> _Collected material_
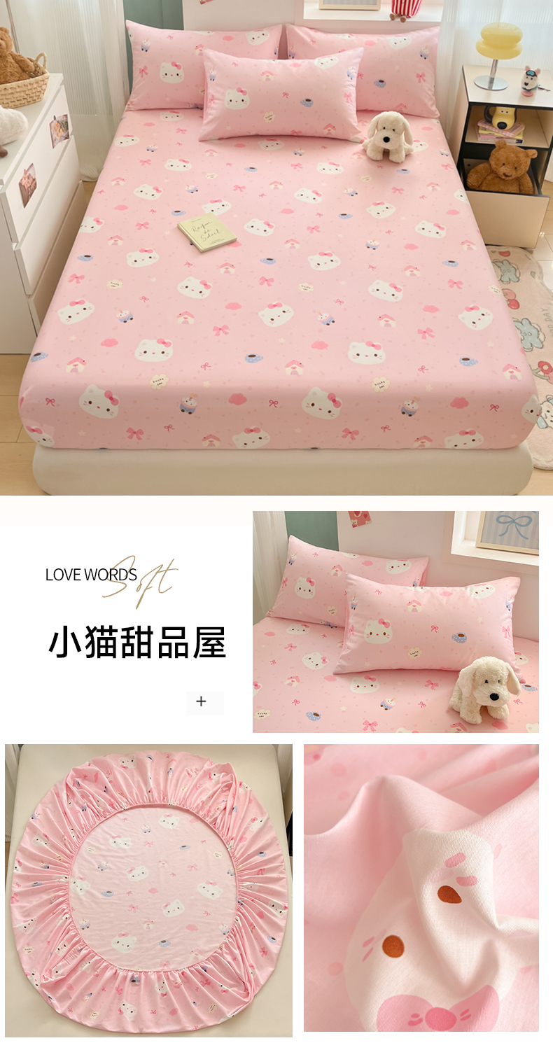 寻米 2025新款A类全棉印花床笠系列 小猫球球
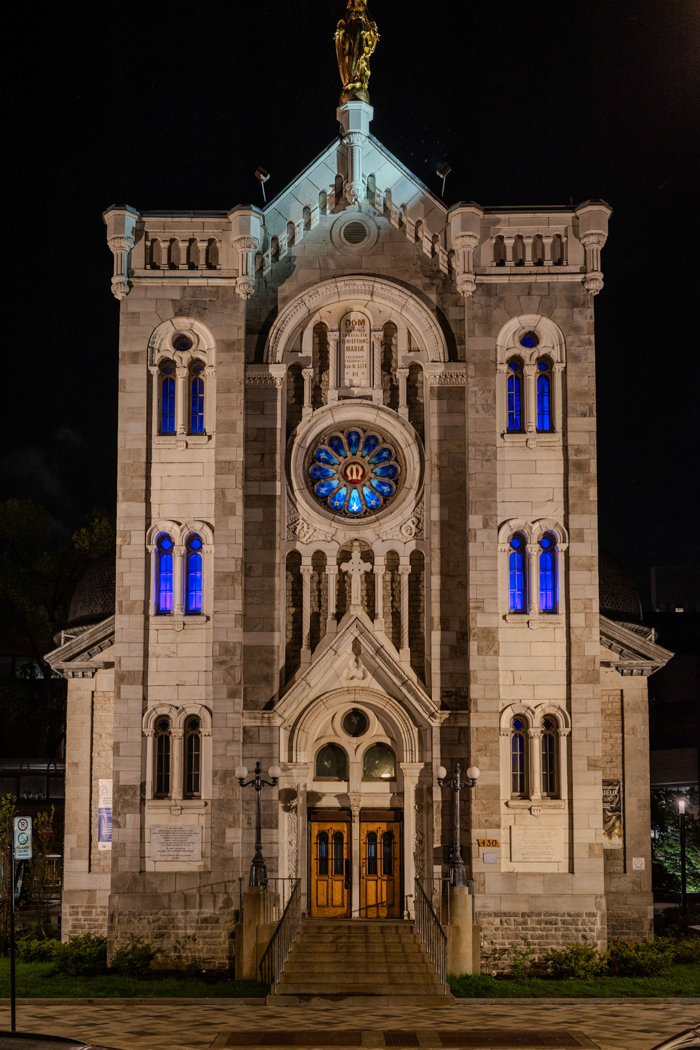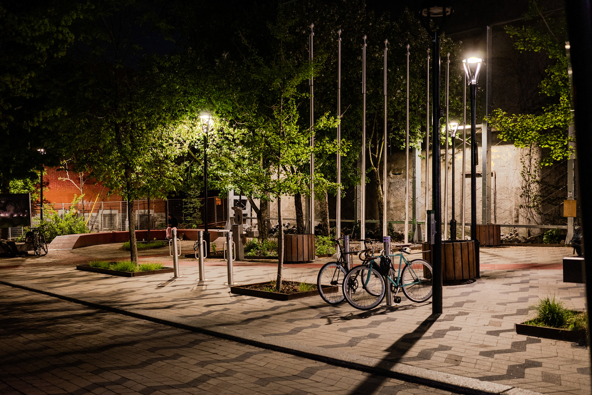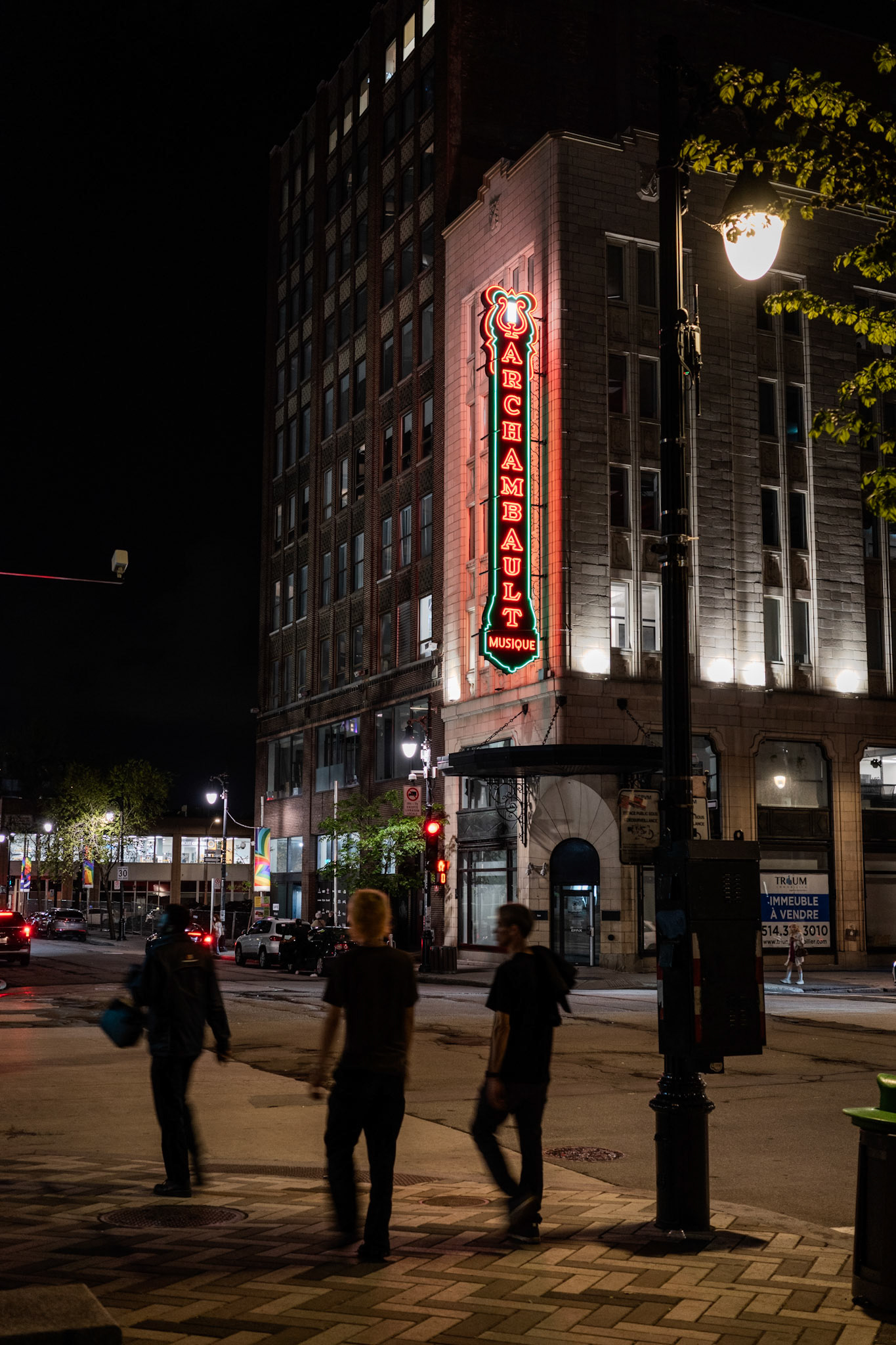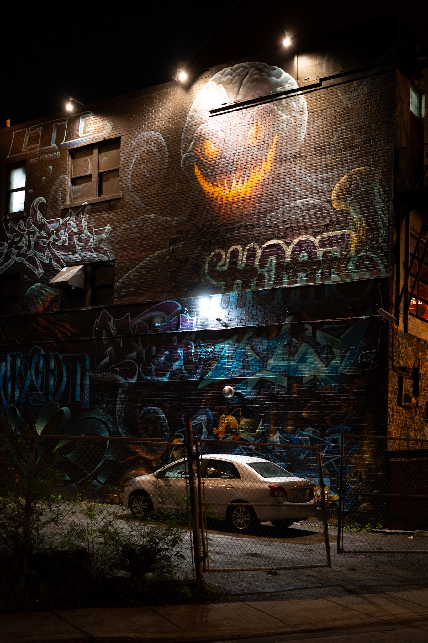 Les lumières blanches découpent la nuit, projetant des ombres franches sur les murs couverts de graffitis. L’orangé et le bleu explosent sous cet éclairage froid, tandis que le vert et le beige s’effacent doucement dans la texture du béton. Plus loin, des bâtiments historiques se dressent fièrement, ornés de néons éclatants qui ajoutent une touche rétro-futuriste au décor. La rue devient un théâtre de contrastes, où chaque pas révèle une nouvelle scène lumineuse.
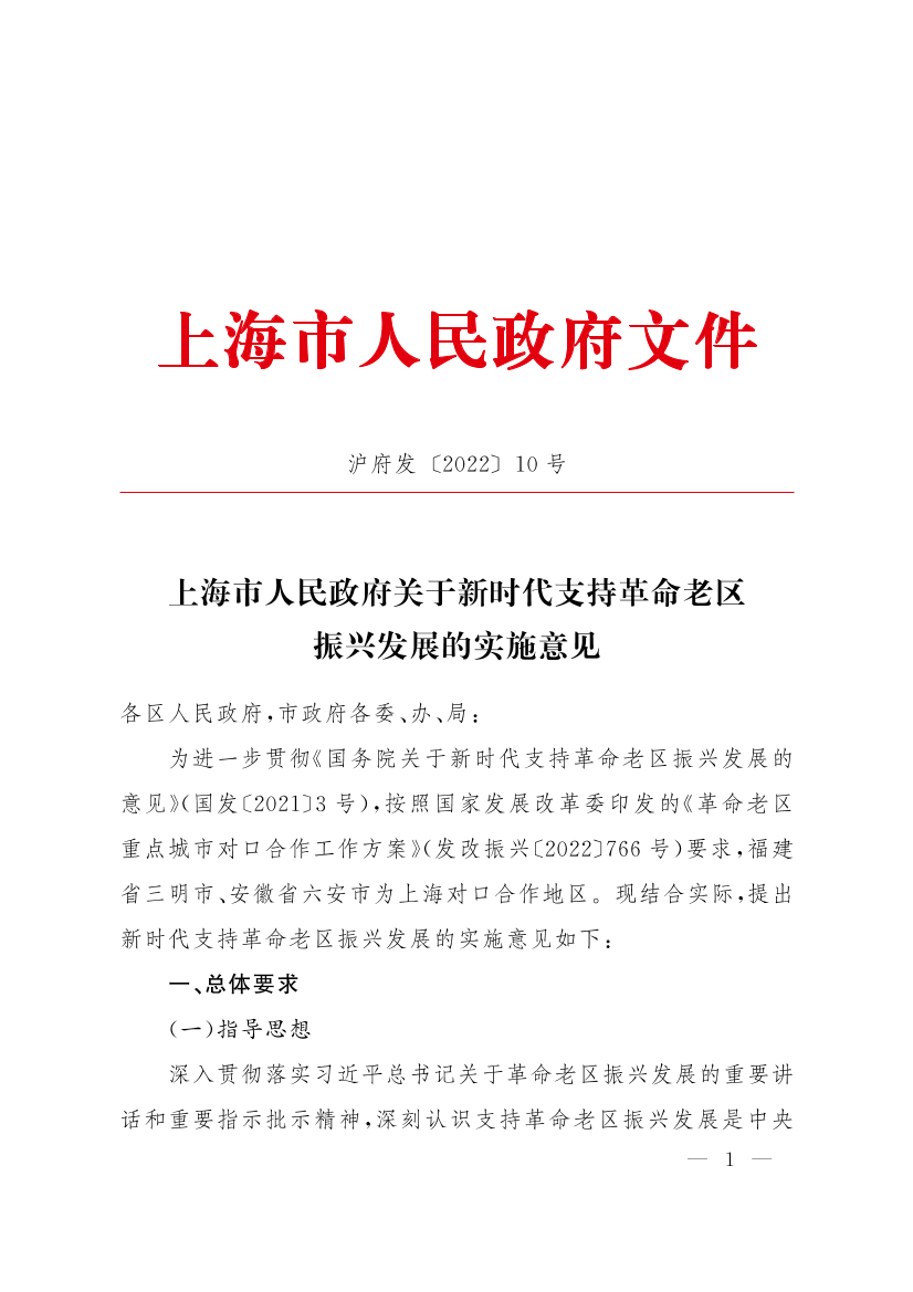 ??為進一步貫徹《國務(wù)院關(guān)于新時代支持革命老區(qū)振興發(fā)展的意見》(國發(fā)〔2021〕3號),按照國家發(fā)展改革委印發(fā)的《革命老區(qū)重點城市對口合作工作方案》(發(fā)改振興〔2022〕766號)要求,福建省三明市、安徽省六安市為上海對口合作地區(qū)。現(xiàn)結(jié)合實際,提出新時代支持革命老區(qū)振興發(fā)展的實施意見如下:
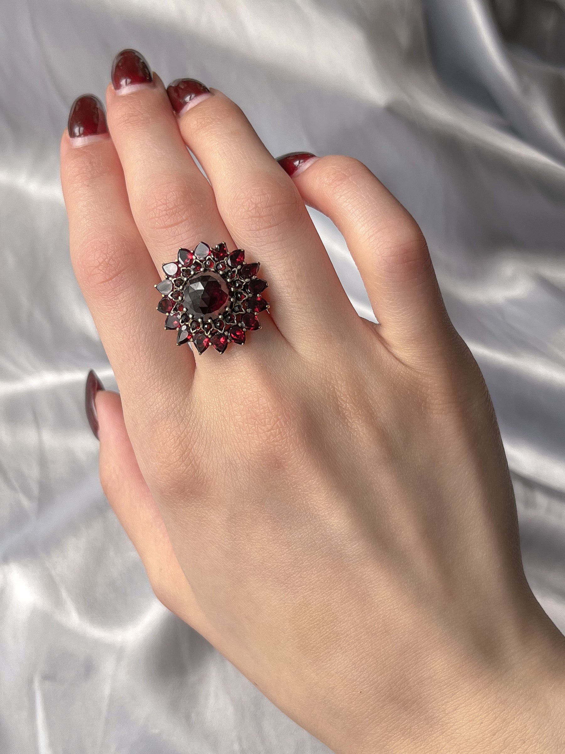 This angular double Bohemian garnet halo ring is just divine! Circa 1970, this piece pulls most of it’s design from the wildly popular bohemian garnet pieces of the 19th century Victorian era; which clustered these bright lustrous garnets together to hi-light their rich color. The double halo of garnets encircle a large central garnet in an almost sunflower-like formation due to the pointed cut of outermost halo, encompassing the flower child era it was created and paying homage to the bohemian garnet jewelry that came before it. A ring perfect for someone who loves statements with subtle hints of color, as the garnets are rather understated until they burst into a bright and brilliant cardinal red in direct light.

> _Aim of the task_
Retype the listing above exactly, pictures excluded.

> _Task output_
 寻米 2025新款A类全棉印花床笠系列 小猫球球
 Les lumières blanches découpent la nuit, projetant des ombres franches sur les murs couverts de graffitis. L’orangé et le bleu explosent sous cet éclairage froid, tandis que le vert et le beige s’effacent doucement dans la texture du béton. Plus loin, des bâtiments historiques se dressent fièrement, ornés de néons éclatants qui ajoutent une touche rétro-futuriste au décor. La rue devient un théâtre de contrastes, où chaque pas révèle une nouvelle scène lumineuse.
 ??為進一步貫徹《國務(wù)院關(guān)于新時代支持革命老區(qū)振興發(fā)展的意見》(國發(fā)〔2021〕3號),按照國家發(fā)展改革委印發(fā)的《革命老區(qū)重點城市對口合作工作方案》(發(fā)改振興〔2022〕766號)要求,福建省三明市、安徽省六安市為上海對口合作地區(qū)。現(xiàn)結(jié)合實際,提出新時代支持革命老區(qū)振興發(fā)展的實施意見如下:
 This angular double Bohemian garnet halo ring is just divine! Circa 1970, this piece pulls most of it’s design from the wildly popular bohemian garnet pieces of the 19th century Victorian era; which clustered these bright lustrous garnets together to hi-light their rich color. The double halo of garnets encircle a large central garnet in an almost sunflower-like formation due to the pointed cut of outermost halo, encompassing the flower child era it was created and paying homage to the bohemian garnet jewelry that came before it. A ring perfect for someone who loves statements with subtle hints of color, as the garnets are rather understated until they burst into a bright and brilliant cardinal red in direct light.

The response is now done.